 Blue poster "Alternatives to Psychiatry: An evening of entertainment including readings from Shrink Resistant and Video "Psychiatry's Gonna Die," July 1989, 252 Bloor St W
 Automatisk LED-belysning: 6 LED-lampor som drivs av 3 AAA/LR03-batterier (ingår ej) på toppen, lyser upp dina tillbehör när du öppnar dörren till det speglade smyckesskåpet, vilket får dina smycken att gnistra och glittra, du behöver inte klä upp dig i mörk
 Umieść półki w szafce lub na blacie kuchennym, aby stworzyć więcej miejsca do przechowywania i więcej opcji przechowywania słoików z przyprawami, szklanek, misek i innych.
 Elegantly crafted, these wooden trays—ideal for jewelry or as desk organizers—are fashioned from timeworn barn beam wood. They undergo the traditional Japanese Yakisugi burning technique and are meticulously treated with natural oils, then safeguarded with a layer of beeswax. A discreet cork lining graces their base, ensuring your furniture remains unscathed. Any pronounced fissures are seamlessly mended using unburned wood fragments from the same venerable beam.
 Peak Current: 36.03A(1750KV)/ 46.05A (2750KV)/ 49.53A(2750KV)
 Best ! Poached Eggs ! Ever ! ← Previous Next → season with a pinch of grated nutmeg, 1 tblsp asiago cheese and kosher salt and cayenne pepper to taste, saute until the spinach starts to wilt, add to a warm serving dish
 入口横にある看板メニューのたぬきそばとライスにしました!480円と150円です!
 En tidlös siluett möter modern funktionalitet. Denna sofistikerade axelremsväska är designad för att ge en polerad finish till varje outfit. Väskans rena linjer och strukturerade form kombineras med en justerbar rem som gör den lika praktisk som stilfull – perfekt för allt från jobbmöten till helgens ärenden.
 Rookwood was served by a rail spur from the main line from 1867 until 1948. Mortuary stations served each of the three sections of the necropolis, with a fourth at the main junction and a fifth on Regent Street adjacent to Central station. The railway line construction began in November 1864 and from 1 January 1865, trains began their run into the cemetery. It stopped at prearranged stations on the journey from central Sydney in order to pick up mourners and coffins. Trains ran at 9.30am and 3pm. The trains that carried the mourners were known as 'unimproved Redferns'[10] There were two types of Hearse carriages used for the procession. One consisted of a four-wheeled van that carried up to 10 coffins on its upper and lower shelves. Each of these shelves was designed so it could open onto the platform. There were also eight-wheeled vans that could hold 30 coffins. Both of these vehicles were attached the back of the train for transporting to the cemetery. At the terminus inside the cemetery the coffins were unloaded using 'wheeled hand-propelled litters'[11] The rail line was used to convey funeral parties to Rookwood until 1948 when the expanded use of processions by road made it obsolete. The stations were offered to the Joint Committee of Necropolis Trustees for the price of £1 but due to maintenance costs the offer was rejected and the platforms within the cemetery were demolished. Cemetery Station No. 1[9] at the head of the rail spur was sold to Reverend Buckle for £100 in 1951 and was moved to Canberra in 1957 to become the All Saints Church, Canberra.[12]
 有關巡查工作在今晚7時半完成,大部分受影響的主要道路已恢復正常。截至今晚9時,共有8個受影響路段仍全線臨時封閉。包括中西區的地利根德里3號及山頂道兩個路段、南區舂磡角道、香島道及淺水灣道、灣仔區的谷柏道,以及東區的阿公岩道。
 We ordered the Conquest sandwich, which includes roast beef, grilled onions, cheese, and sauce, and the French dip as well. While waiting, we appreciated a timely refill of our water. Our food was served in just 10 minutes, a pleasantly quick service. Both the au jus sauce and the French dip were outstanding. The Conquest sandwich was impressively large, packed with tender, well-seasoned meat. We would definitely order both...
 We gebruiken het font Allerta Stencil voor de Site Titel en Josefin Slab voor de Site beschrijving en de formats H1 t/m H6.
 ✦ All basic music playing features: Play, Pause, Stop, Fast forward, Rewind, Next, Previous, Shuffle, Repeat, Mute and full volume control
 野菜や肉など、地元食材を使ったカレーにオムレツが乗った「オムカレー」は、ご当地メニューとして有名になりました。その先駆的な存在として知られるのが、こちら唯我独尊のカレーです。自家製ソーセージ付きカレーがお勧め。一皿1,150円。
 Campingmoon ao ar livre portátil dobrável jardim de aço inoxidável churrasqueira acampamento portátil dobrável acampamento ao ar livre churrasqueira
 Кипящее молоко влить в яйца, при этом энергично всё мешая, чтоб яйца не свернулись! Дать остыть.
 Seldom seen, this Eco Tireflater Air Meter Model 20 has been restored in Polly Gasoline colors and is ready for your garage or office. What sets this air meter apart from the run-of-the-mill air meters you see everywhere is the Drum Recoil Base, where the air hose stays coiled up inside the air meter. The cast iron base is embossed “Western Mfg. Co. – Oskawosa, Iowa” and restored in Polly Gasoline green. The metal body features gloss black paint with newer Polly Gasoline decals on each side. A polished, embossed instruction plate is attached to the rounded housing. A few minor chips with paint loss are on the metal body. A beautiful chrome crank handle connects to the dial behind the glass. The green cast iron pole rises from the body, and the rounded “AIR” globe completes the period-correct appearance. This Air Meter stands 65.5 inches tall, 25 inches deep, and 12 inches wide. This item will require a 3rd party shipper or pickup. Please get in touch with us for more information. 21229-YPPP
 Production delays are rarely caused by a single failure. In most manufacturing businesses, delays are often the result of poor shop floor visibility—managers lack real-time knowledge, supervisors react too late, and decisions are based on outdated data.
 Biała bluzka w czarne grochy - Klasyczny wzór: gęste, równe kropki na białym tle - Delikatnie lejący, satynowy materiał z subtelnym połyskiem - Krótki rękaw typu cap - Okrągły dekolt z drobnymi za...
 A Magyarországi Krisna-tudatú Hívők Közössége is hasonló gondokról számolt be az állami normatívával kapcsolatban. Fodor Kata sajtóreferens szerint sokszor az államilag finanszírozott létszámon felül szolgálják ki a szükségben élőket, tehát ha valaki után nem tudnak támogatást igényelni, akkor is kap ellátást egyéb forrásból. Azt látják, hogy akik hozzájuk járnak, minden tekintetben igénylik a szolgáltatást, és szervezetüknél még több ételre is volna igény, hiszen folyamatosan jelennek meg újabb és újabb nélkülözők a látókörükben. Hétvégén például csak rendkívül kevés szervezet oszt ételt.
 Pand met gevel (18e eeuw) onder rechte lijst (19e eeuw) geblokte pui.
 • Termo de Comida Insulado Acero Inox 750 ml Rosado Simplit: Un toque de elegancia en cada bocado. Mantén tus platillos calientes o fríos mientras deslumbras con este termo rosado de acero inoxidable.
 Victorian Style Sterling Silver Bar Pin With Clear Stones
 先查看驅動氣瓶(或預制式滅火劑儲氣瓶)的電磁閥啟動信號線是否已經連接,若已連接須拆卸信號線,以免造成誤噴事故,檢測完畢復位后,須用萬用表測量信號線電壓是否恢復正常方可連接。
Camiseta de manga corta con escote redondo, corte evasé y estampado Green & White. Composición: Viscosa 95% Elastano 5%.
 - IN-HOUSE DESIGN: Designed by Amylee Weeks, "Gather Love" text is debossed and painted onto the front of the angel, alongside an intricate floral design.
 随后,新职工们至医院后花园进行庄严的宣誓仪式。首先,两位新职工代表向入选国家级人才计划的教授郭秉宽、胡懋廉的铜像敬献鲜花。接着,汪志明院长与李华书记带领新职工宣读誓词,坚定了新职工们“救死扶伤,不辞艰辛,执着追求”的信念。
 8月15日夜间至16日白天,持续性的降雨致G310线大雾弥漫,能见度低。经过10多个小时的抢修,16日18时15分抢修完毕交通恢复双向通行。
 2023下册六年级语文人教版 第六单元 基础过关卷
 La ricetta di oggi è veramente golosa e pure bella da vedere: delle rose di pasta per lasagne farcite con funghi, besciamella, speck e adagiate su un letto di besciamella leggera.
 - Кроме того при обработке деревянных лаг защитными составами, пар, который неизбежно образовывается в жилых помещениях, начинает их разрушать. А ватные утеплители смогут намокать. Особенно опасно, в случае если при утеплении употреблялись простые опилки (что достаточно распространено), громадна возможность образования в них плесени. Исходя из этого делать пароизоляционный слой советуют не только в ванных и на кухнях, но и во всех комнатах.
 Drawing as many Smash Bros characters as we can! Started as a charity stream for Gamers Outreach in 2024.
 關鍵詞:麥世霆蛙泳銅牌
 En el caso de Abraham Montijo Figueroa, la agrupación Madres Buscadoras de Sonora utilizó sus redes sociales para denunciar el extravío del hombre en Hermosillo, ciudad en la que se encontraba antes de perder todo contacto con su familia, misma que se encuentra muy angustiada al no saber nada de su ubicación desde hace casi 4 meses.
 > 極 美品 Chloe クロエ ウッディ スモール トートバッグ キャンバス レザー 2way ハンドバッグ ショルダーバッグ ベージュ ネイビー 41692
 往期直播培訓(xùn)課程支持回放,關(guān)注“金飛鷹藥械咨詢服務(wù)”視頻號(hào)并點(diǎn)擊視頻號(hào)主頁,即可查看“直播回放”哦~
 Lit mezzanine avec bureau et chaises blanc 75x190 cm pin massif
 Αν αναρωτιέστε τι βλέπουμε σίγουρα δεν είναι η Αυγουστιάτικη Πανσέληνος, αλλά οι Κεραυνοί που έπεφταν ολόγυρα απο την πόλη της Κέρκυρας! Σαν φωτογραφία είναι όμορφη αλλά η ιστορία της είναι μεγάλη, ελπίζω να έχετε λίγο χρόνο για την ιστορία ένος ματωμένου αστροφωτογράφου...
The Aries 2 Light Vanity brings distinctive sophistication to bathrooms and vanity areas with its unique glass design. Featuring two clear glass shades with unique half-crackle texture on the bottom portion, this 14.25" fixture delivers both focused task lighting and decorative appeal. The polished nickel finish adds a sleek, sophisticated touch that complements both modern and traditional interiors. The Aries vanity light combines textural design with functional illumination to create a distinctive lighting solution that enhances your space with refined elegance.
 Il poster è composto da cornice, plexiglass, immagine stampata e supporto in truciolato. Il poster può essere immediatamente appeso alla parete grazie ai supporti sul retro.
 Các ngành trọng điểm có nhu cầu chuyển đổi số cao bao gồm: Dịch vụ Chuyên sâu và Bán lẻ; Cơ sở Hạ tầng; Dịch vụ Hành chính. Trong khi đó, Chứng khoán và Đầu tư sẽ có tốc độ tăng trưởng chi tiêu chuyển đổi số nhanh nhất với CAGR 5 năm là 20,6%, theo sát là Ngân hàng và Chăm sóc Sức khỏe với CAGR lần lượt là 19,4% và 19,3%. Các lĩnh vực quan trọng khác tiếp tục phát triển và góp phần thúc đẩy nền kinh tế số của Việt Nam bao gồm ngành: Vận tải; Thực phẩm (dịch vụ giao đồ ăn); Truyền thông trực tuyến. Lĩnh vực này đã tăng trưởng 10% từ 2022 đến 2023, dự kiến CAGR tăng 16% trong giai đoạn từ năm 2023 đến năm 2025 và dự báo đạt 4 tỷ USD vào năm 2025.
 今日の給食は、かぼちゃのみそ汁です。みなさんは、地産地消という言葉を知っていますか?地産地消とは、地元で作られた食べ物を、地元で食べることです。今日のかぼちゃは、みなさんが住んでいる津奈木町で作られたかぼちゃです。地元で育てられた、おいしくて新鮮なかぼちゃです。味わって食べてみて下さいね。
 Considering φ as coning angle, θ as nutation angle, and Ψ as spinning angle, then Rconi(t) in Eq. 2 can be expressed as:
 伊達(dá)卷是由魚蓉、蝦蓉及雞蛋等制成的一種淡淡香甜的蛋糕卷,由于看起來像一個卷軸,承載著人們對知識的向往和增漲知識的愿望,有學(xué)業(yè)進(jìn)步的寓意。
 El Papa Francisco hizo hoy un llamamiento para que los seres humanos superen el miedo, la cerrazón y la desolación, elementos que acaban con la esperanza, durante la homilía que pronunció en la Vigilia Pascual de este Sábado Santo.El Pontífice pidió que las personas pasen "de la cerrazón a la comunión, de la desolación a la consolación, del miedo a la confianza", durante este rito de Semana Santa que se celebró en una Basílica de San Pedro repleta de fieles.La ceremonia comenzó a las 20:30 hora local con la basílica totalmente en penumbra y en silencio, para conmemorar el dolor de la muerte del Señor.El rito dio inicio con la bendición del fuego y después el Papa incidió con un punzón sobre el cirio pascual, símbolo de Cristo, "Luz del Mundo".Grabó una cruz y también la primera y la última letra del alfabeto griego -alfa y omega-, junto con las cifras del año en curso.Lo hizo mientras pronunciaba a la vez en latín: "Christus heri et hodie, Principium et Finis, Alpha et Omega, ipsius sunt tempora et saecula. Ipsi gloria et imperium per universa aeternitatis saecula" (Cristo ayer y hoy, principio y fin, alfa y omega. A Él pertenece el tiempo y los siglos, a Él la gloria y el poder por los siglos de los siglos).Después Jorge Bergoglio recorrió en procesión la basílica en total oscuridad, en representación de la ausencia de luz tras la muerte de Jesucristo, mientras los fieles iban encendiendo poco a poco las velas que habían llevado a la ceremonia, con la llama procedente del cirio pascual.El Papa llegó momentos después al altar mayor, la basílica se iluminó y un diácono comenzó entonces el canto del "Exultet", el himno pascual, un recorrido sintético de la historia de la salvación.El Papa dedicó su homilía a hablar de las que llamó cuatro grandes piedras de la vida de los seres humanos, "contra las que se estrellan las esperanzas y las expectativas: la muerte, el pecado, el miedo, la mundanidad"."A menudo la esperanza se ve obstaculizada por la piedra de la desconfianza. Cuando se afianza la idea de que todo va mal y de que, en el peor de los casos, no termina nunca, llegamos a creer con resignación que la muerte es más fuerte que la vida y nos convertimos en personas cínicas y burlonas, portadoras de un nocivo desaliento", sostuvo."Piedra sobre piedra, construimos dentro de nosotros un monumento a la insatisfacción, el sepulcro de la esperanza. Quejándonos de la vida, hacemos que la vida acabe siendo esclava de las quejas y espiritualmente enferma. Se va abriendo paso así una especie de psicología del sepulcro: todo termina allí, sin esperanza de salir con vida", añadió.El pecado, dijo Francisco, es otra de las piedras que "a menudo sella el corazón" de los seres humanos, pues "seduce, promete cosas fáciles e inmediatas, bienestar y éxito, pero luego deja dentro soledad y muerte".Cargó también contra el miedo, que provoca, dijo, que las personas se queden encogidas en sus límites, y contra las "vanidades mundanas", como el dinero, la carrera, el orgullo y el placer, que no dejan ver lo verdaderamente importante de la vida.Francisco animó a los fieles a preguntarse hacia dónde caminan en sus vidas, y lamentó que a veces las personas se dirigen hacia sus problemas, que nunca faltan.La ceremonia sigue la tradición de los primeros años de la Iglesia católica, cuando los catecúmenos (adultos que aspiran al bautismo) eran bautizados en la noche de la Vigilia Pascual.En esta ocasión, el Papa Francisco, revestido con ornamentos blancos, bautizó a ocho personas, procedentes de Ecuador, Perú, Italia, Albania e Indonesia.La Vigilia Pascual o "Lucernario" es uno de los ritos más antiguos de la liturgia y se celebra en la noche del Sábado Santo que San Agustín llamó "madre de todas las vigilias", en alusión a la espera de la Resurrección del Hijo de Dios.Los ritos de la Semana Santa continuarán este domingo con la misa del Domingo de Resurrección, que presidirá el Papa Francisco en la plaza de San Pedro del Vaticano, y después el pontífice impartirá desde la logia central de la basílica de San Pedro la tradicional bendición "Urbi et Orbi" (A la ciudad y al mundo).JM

+++++

Above is a listing; print exactly its lines from the one with "Lit mezzanine avec" through the one with "Αν αναρωτιέστε τι", and no other lines.

▸ Response to the task
 Lit mezzanine avec bureau et chaises blanc 75x190 cm pin massif
 Αν αναρωτιέστε τι βλέπουμε σίγουρα δεν είναι η Αυγουστιάτικη Πανσέληνος, αλλά οι Κεραυνοί που έπεφταν ολόγυρα απο την πόλη της Κέρκυρας! Σαν φωτογραφία είναι όμορφη αλλά η ιστορία της είναι μεγάλη, ελπίζω να έχετε λίγο χρόνο για την ιστορία ένος ματωμένου αστροφωτογράφου...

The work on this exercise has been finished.